I've used MySQL for quite a while now, usually for rather simple stuff. My biggest problem right from the getgo are the errors MySQL returns when you feed it a command that doesn't work.. I come from a programming background so I'm used to have an IDE and a compiler that tells me, you got an error at line X at this position, and the IDE usually flags the glaring errors before you even compile. In MySQL, all you ever get back is Error XYZ : You have an error in your SQL syntax; check the manual that corresponds to your MySQL server version for the right syntax to use near '....'
If you're lucky, it at least quotes the offending line, but more often than not, the line is at least cut off, and sometimes it's even a miss.

Then, late last year I had to do a project on MS SQL server. It took some getting used to via the little syntax differences, but then I also was forced to get into more complex stuff like functions, stored procedures, views and triggers - all the things that MySQL didn't even have up until version 5 (and where I'm still a bit puzzled as to which version exactly supports what.. but that's another matter).

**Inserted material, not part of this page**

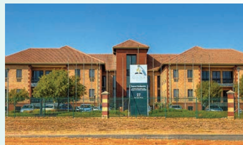
SID, Pretoria, South Africa

Either way, while the MS Tools for SQL Server still don't match up to a good IDE, at least they tell you a lot more about an error. E.g. if you try to write something into a table column but misspell the column name.. sql server tells you that there's no column with such a name in that particular table.
If you write an SP and make reference to a variable not declared, you'll be told so. If you declare a variable twice, you'll be told that your second variable declaration is ambigous since the variable has already been declared. If your insert clause contains more values than column names, sql server will tell you so as well, and I could go on and on. Bottom line is that unless you are near perfect at writing SQL statements, you'll run into the "you have an error" sooner rather than later and it would be extremely useful to have some more useful feedback from the database than "you have an error..".

I'm really looking forward to the day where I don't wish I could use MS SQL just because it tells me more than "no" when I make a mistake.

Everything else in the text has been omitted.